WHAT THE EXERCISE ASKS: All of the data that follows should be retyped exactly, please, except the pictures.

GIVEN DATA:
───

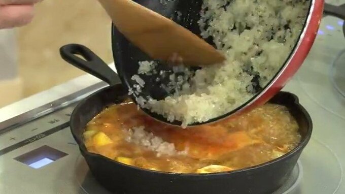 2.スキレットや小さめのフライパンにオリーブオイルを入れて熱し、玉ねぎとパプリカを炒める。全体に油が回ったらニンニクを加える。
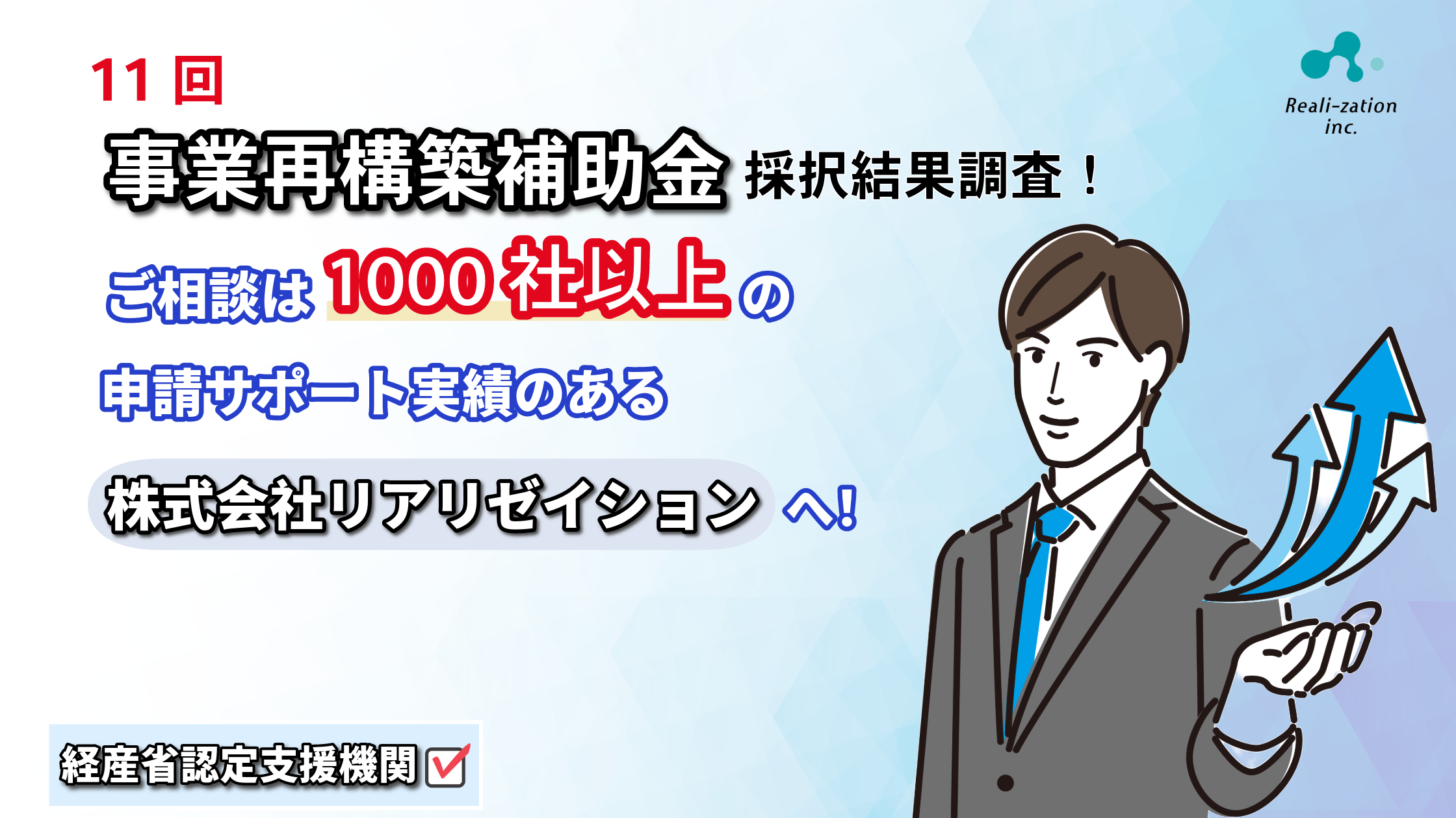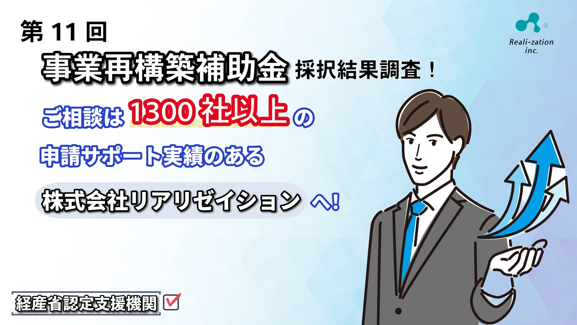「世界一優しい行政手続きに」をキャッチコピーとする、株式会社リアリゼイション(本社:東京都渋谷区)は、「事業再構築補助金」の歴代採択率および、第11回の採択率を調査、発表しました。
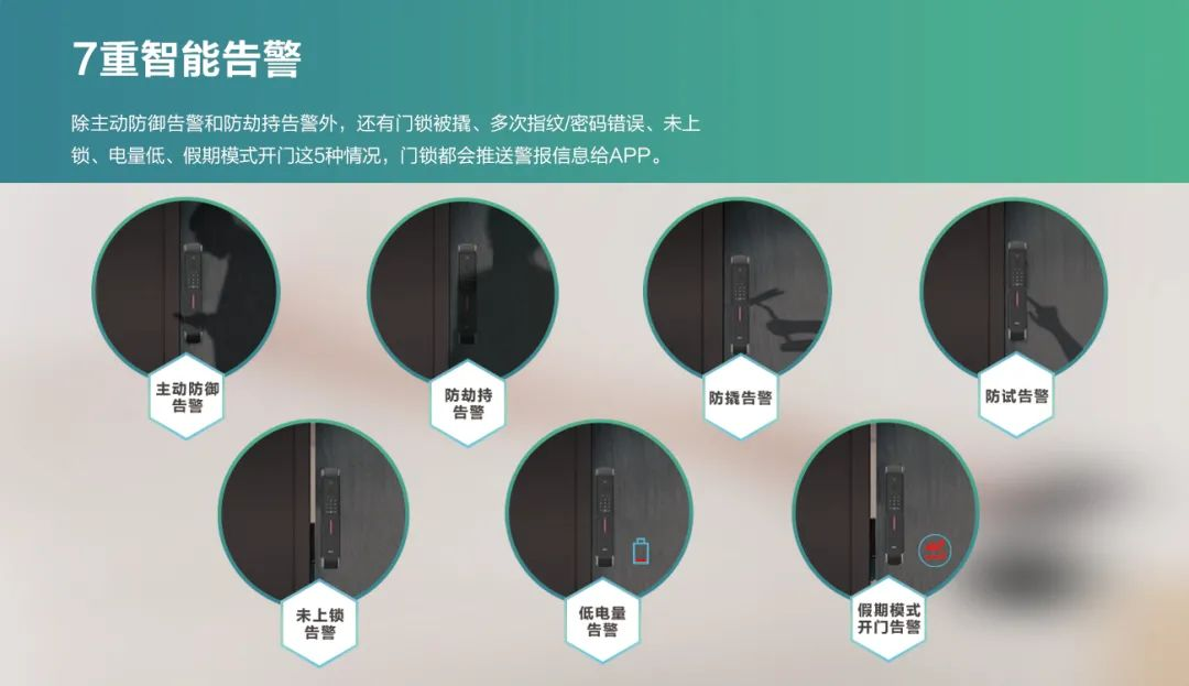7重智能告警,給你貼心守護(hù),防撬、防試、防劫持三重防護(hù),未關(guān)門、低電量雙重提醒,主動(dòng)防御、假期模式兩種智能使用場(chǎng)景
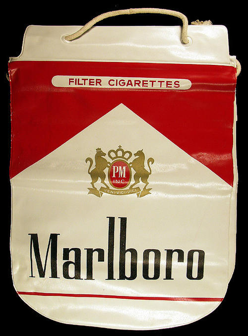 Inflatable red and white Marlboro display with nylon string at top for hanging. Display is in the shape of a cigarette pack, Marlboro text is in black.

───

FINISHED TASK:
 2.スキレットや小さめのフライパンにオリーブオイルを入れて熱し、玉ねぎとパプリカを炒める。全体に油が回ったらニンニクを加える。
「世界一優しい行政手続きに」をキャッチコピーとする、株式会社リアリゼイション(本社:東京都渋谷区)は、「事業再構築補助金」の歴代採択率および、第11回の採択率を調査、発表しました。
7重智能告警,給你貼心守護(hù),防撬、防試、防劫持三重防護(hù),未關(guān)門、低電量雙重提醒,主動(dòng)防御、假期模式兩種智能使用場(chǎng)景
 Inflatable red and white Marlboro display with nylon string at top for hanging. Display is in the shape of a cigarette pack, Marlboro text is in black.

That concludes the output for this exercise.